Abstract
Accurate farm geolocations are essential for disease outbreak surveillance and monitoring, and for developing spatial epidemiological models that evaluate distance-dependent transmission processes across different farm types. Farm geolocation data is often not available, which leads to assumptions of the spatial distribution of livestock premises; potentially resulting in over/underestimation of transmission rates, misleading model predictions, and limited interpretation of epidemic dissemination dynamics (Sellman et al., 2020). Here, we developed a convolutional neural network (CNN) model to i) identify individual swine barns from non-barn features (e.g., residential homes, commercial buildings), with the objective of ii) developing a rule-based filtering method to calculate the area and the aspect ratio of swine barns and combine this information with farm metadata (pig capacity, farm type) to iii) predict farm types and population size.
High resolution aerial imagery from a 22,369 x 13,457 pixel extent was obtained from the National Agriculture Imagery Program (NAIP) (USGS, 2022), and used to generate 1,148 raster tiles with dimensions of 512 x 512 pixels.

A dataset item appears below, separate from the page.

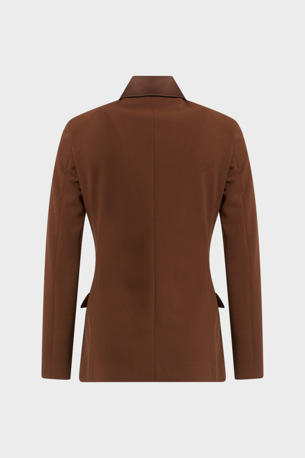 Blazer Vicolo dal taglio sartoriale e dall'eleganza intramontabile, che interpreta il classico smoking in una tonalità calda e sofisticata. La struttura impeccabile è definita dai rever a lancia in satin lucido che creano un raffinato contrasto materico con il corpo della giacca, mentre la chiusura a doppio petto sottolinea la silhouette con precisione. Un capo iconico del guardaroba femminile, perfetto per cerimonie o per dare un tocco di classe a un look serale deciso.

We constructed a binary mask consisting of 118 known swine barns, which we incorporated into the raster tiles as an additional raster band. Raster tiles were split as 60% for training and 20% for validation, and testing a ResUnet CNN model (Diakogiannis et al., 2020), respectively. Model performance was evaluated by examining the accuracy of the classification of barn and non-barn features.
The CNN model was able to accurately identify swine barns from non-barn features with an accuracy of 80% in a swine production region of the United States. Additionally, the fractional predicted probability of the “barns” class, recognized open space between barns and nearby waste lagoons as a high probability of belonging to a swine barns.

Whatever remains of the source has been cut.